Segment Start: Data shown

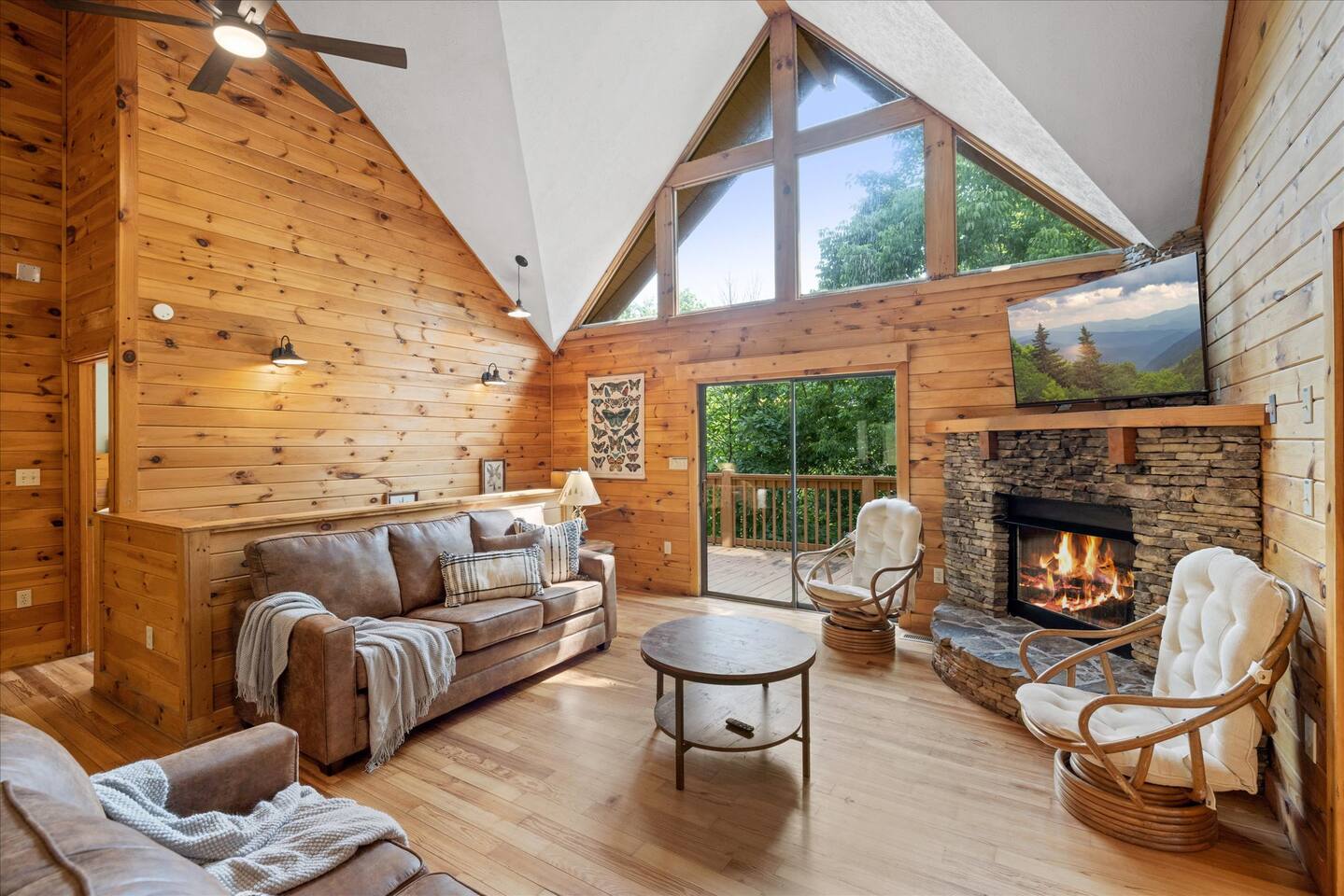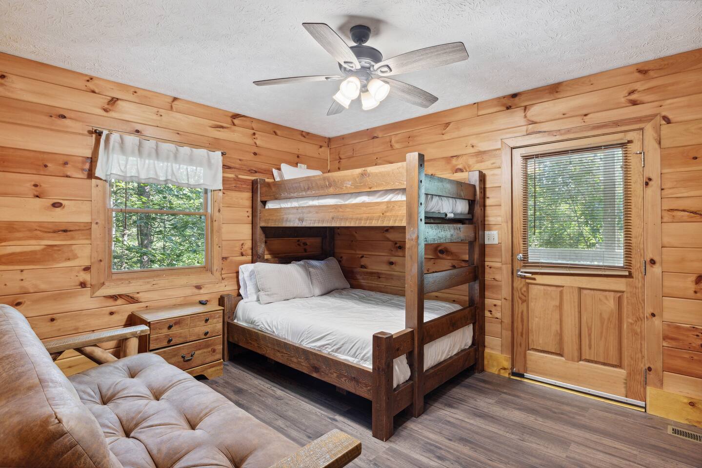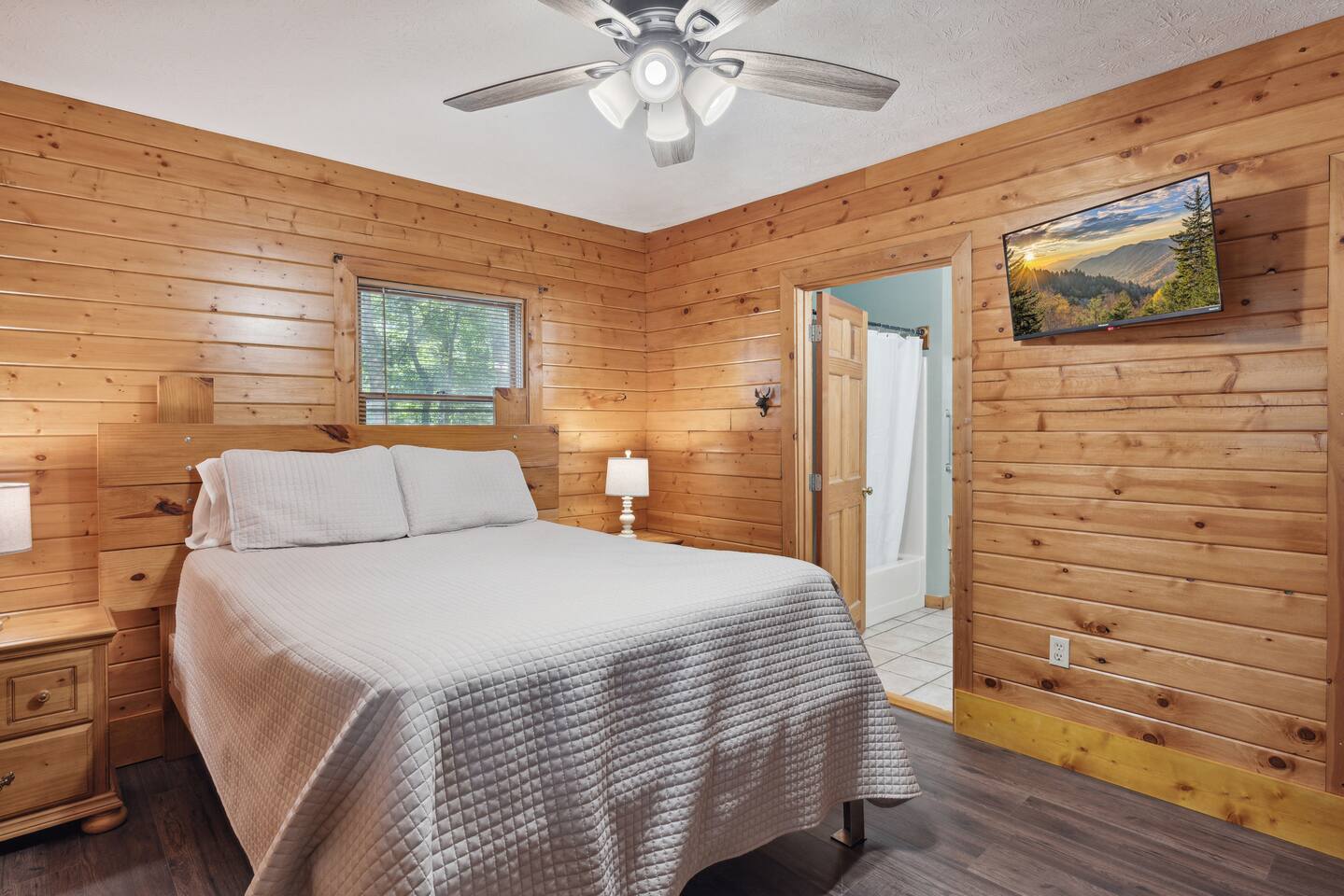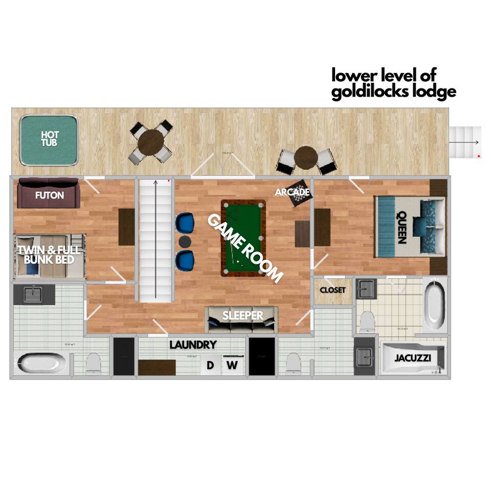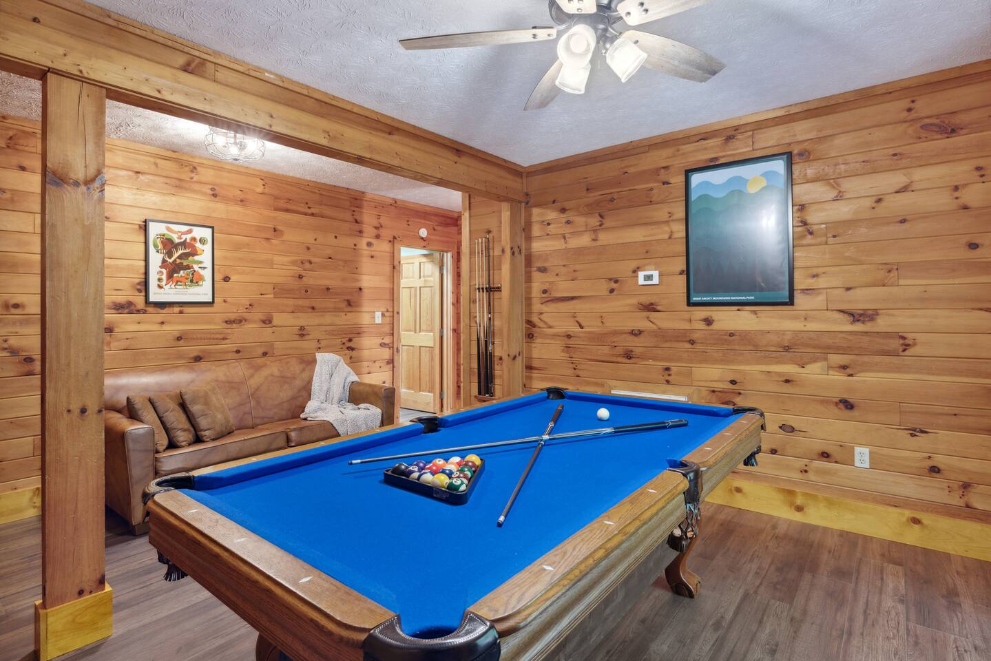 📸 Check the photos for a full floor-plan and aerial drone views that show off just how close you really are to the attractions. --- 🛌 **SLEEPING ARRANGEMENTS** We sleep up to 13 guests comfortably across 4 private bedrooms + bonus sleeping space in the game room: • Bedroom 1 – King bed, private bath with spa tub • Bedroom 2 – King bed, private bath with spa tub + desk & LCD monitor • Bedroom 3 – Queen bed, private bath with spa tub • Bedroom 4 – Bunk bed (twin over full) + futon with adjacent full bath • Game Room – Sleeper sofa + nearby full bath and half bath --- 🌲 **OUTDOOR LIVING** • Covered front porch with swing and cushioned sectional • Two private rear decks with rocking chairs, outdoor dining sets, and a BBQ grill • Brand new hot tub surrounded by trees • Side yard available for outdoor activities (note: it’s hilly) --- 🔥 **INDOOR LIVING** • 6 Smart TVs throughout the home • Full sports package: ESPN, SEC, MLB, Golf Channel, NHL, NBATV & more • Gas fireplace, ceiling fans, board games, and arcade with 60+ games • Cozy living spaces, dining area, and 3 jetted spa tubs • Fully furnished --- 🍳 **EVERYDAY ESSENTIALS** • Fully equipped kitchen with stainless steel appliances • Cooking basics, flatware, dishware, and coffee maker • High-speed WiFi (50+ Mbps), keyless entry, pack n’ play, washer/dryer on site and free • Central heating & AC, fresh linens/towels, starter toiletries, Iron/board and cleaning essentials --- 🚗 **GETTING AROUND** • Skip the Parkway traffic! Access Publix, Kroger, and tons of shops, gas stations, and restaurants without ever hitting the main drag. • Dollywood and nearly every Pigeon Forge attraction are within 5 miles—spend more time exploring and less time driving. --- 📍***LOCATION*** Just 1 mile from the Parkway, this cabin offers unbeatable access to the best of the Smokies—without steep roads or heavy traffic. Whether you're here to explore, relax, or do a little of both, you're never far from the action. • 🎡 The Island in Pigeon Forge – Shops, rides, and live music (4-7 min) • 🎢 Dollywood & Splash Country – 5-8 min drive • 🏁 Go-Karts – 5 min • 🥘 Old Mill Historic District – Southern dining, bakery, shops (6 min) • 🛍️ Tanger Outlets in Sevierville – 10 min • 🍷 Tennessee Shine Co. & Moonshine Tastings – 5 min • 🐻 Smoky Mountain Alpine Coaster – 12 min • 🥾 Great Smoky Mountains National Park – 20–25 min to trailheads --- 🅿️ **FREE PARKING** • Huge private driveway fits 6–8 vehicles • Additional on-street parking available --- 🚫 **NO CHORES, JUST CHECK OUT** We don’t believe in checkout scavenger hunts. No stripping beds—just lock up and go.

Segment End: Data shown
Segment Start: Data shown

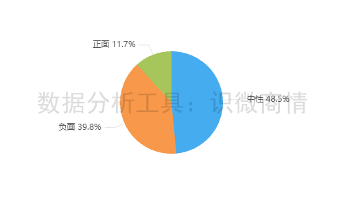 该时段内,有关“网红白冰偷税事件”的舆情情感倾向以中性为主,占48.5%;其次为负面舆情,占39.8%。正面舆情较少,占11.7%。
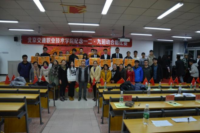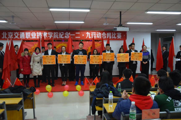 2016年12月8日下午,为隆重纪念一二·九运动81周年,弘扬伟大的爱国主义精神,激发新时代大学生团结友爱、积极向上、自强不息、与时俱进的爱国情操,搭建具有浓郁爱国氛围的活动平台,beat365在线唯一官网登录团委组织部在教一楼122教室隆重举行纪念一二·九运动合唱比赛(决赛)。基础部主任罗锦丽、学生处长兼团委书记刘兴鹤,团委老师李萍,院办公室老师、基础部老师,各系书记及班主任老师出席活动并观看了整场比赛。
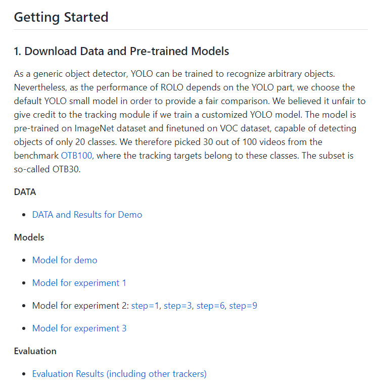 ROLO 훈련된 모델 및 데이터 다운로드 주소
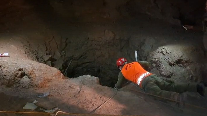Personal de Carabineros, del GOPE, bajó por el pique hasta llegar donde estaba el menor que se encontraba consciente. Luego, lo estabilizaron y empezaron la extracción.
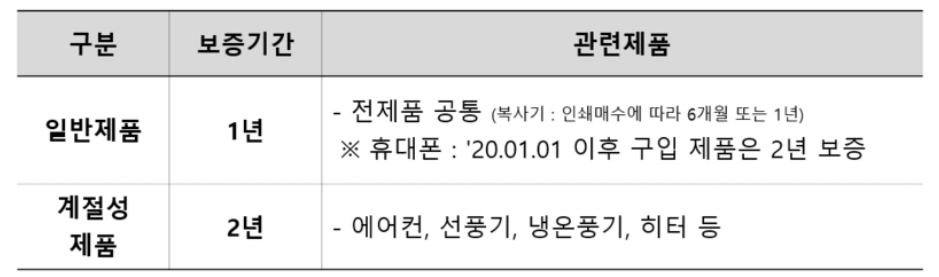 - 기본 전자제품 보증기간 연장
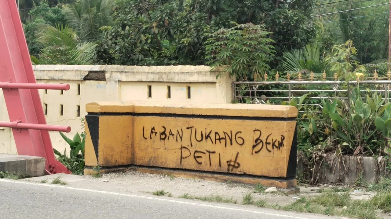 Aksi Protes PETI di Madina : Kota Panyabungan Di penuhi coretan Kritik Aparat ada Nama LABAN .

Segment End: Data shown
Segment Start: Data shown

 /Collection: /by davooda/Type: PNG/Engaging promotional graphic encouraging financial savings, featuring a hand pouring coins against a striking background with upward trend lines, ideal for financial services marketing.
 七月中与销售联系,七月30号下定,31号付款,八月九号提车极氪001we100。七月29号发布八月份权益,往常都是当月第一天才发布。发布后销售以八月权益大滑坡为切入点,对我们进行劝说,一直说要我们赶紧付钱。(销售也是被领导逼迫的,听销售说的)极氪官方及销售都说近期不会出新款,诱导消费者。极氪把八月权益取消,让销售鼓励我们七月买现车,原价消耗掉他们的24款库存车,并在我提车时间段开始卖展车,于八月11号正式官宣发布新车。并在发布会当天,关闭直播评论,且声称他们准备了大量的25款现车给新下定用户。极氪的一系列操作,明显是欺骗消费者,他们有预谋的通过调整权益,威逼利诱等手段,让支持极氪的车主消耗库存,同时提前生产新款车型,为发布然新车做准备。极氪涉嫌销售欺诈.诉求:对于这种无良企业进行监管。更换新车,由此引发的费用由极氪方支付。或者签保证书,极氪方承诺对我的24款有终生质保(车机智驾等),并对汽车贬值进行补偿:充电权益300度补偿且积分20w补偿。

Segment End: Data shown

Start with the line with "2016年12月8日下午,为" in the listing above and stop after the line with "Aksi Protes PETI". Write out exactly the lines in that stretch and no others, without pictures.

Your solution.
 2016年12月8日下午,为隆重纪念一二·九运动81周年,弘扬伟大的爱国主义精神,激发新时代大学生团结友爱、积极向上、自强不息、与时俱进的爱国情操,搭建具有浓郁爱国氛围的活动平台,beat365在线唯一官网登录团委组织部在教一楼122教室隆重举行纪念一二·九运动合唱比赛(决赛)。基础部主任罗锦丽、学生处长兼团委书记刘兴鹤,团委老师李萍,院办公室老师、基础部老师,各系书记及班主任老师出席活动并观看了整场比赛。
 ROLO 훈련된 모델 및 데이터 다운로드 주소
Personal de Carabineros, del GOPE, bajó por el pique hasta llegar donde estaba el menor que se encontraba consciente. Luego, lo estabilizaron y empezaron la extracción.
 - 기본 전자제품 보증기간 연장
 Aksi Protes PETI di Madina : Kota Panyabungan Di penuhi coretan Kritik Aparat ada Nama LABAN .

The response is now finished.